Prossegue o legislador criando hipótese de atuação compulsória do Ministério Público, nas ações de família.

Art. 698. Nas ações de família, o Ministério Público somente intervirá quando houver interesse de incapaz e deverá ser ouvido previamente à homologação de acordo.

Parágrafo único. O Ministério Público intervirá, quando não for parte, nas ações de família em que figure como parte vítima de violência doméstica e familiar, nos termos da Lei nº 11.340, de 7 de agosto de 2006 (Lei Maria da Penha).

Na redação originária, o parquet apenas interviria quando existisse interesse de incapaz, algo acidental nas ações de divórcio, separação, reconhecimento e extinção de união estável, mas frequente nas demandas de guarda, visitação, filiação e alimentos – rol legalmente estatuído de ações de família[3]. Doravante, o Ministério Público se fará presente como fiscal, quando a vítima de violência doméstica for parte processual.

Por fim, a nova norma modifica o Código Fux, passando a prever prioridade na tramitação de processos em que for parte vítima de violência doméstica e familiar.

Art. 1.048. Terão prioridade de tramitação, em qualquer juízo ou tribunal, os procedimentos judiciais:

III – em que figure como parte a vítima de violência doméstica e familiar, nos termos da Lei nº 11.340, de 7 de agosto de 2006 (Lei Maria da Penha).

Uma leitura seca desses dois últimos comandos soa incompatível com a própria Lei 13.894/19, indicando que a maior celeridade na tramitação e a atuação ministerial não se limitariam às ações de divórcio, anulação de casamento, separação e extinção de união estável.

É questionável, porém, a constitucionalidade dessa interpretação, ferindo-se a isonomia formal sem sustentáculo substancial. Naturalmente, é justo que a vítima de violência praticada por quem menos se espera receba resposta jurisdicional de maneira abreviada quanto a aspectos causais desses danos, bem como que receba o reforço processual advindo da presença do Ministério Público. Quanto a outras demandas, sem relação com tal circunstância, como demais pretensões cíveis e consumeristas, esvazia-se o fundamento proporcional e razoável da diferenciação.

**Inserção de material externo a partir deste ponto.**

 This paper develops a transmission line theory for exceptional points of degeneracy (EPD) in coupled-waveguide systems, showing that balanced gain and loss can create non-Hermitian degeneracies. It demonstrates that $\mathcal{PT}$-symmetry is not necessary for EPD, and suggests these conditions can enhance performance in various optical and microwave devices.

[1] Ouvidos, os Ministérios da Justiça e Segurança Pública e da Mulher, da Família e dos Direitos Humanos manifestaram-se pelo veto aos seguintes dispositivos:

Caput e parágrafos 1° e 2º do artigo 14-A da Lei 11.340, de 7 de agosto de 2006, inseridos pelo artigo 1º do projeto de lei

“Art. 14-A. A ofendida tem a opção de propor ação de divórcio ou de dissolução de união estável no Juizado de Violência Doméstica e Familiar contra a Mulher.

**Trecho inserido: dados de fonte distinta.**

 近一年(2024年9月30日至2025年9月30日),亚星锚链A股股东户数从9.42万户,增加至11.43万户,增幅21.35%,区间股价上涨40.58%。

  • 1º Exclui-se da competência dos Juizados de Violência Doméstica e Familiar contra a Mulher a pretensão relacionada à partilha de bens.
  • 2º Iniciada a situação de violência doméstica e familiar após o ajuizamento da ação de divórcio ou de dissolução de união estável, a ação terá preferência no juízo onde estiver.”

Razões do veto

“Os dispositivos propostos, ao permitirem e regularem a possibilidade da propositura de ação de divórcio ou de dissolução de união estável no Juizado de Violência Doméstica e Familiar contra a Mulher, guardam incompatibilidade com o objetivo desses Juizados, especialmente no que tange à ágil tramitação das medidas protetivas de urgência previstas na Lei Maria da Penha. Portanto, a alteração proposta é contrária ao interesse público, pois compromete alguns dos princípios que regem a atuação desses juizados, tais como a celeridade, simplicidade, informalidade e economia processual, tendo em vista os inúmeros desdobramentos naturais às ações de Direito de Família.”

[2] Enunciado 108: A competência prevista nas alíneas do art. 53, I, do CPC não é de foros concorrentes, mas de foros subsidiários.

[3] Art. 693. As normas deste Capítulo aplicam-se aos processos contenciosos de divórcio, separação, reconhecimento e extinção de união estável, guarda, visitação e filiação.

Parágrafo único. A ação de alimentos e a que versar sobre interesse de criança ou de adolescente observarão o procedimento previsto em legislação específica, aplicando-se, no que couber, as disposições deste Capítulo.

*José Roberto Mello Porto é defensor público do Rio de Janeiro, presidente da Comissão de Estudos em Processo Civil da seccional do Rio de Janeiro da Ordem dos Advogados do Brasil, doutorando e mestre em Direito Processual pela Universidade do Estado do Rio de Janeiro (Uerj).